Les Raboteurs de parquet de Gustave Caillebotte, peints en 1875, capturent une scène de travail manuel dans un intérieur bourgeois parisien, marquant un tournant dans la représentation du prolétariat urbain.


Présenté au Salon de 1875, il est refusé par le jury pour son réalisme et son sujet jugé vulgaire. Cette scène banale, inspirée d'ouvriers chez Caillebotte lui-même, contrastait avec les normes du Salon, où l'on préférait des sujets nobles ou historiques.

Ce refus a poussé Caillebotte à rejoindre les Impressionnistes et à l'exposer en 1876.


À l'époque, sous le Second Empire et la IIIe République naissante, Paris connaît une industrialisation rapide; Caillebotte, issu d'une famille bourgeoise aisée (son père est un riche industriel), choisit de valoriser les classes laborieuses au lieu des scènes mythologiques ou aristocratiques traditionnelles.


Cette œuvre illustre le Paris haussmannien en travaux, avec ses parquets neufs dans les appartements bourgeois, et célèbre la dignité des ouvriers sans misérabilisme.

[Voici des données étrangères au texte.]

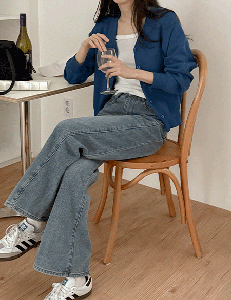 [2가지기장] 플리 사이드 절개 세미 寬 牛仔 褲 86033
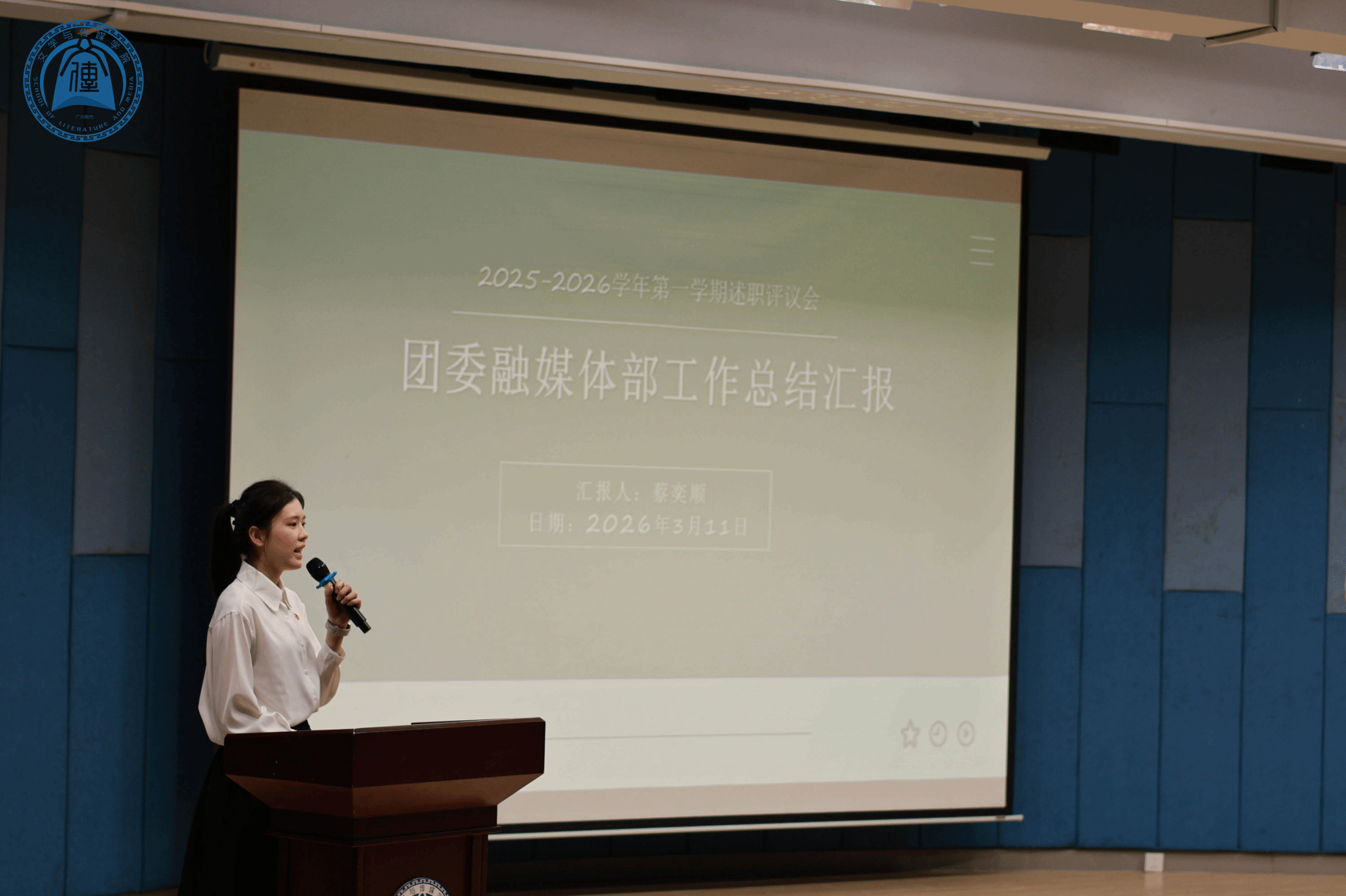 大会伊始,团委学生会负责人井一淳、雷坤、潘煜程、易智贤和刘星宇同学依次作工作述职。
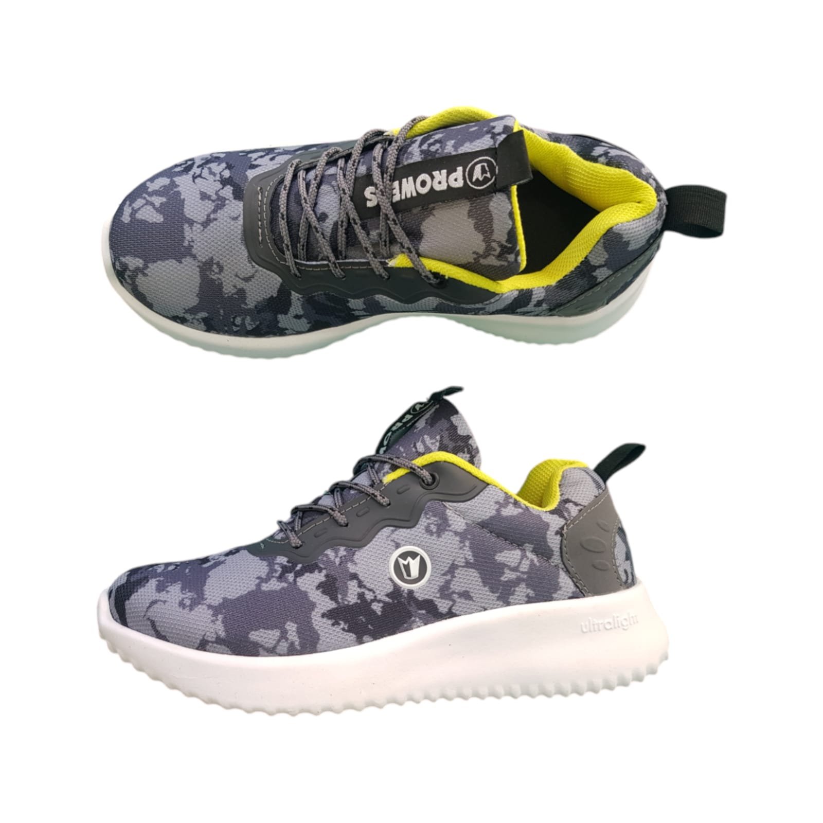 Zapatillas deportivas de planta ultra light. Livianas, flexibles y resistentes. Con capellada camuflada y acordonada.

Trois raboteurs torse nu ou en chemise, agenouillés, rabotent et égalisent les lames de parquet en diagonale, créant une perspective saisissante en plongée.

La lumière naturelle filtre par une large ouverture à gauche, bordée d'une grille en fer forgé ornée, projetant des ombres nettes sur les copeaux de bois épars et les outils.

Les murs clairs, rehaussés d'une frise rouge sombre et de moulures dorées, contrastent avec la rudesse des corps, évoquant à la fois un chantier et un espace luxueux en devenir.


Caillebotte, formé chez Léon Bonnat, dessine chaque détail avec une précision académique, tout en innovant par cette vue inhabituelle.


La perspective accentuée, conforme à la tradition académique, guide l'œil du spectateur vers le fond, renforçant l'effet de profondeur et de réalisme.

Les touches réalistes, reflets sur les corps en sueur, texture des copeaux, veinage du bois, rompent avec l'esthétique floue des Impressionnistes purs, plaçant Caillebotte à la croisée du réalisme et de l'Impressionnisme.

Il exploite la lumière crue pour modeler les volumes, transformant ces ouvriers en figures quasi antiques, dignes et héroïques, malgré leur condition modeste.


Le tableau valorise la noblesse du travail bien fait, la compétence et la solidarité ouvrière, contredisant les regards préjugés sur les classes populaires.

Le contraste entre la simplicité des corps et l'opulence des décors (moulures, grille ouvragée) souligne les strates sociales sans discours militant, invitant à une réflexion sur l'industrialisation et l'urbanité.

Caillebotte, mécène des Impressionnistes, y affirme son regard novateur sur le contemporain, immortalisant le prolétariat urbain comme sujet majeur de la peinture moderne.


Refusé au Salon, ce tableau a consacré Caillebotte comme une figure clé du groupe impressionniste.

Ce tableau, une huile sur toile mesurant 102 x 146,5 cm, légué par sa famille au musée du Luxembourg en 1894, puis au Louvre et enfin à Orsay.

Aujourd'hui icône du XIXe siècle, il inspire analyses sur le travail manuel et préfigure des thèmes sociaux chez Zola ou les photographes réalistes.

Son réalisme poignant continue de questionner la condition humaine dans un monde en mutation rapide.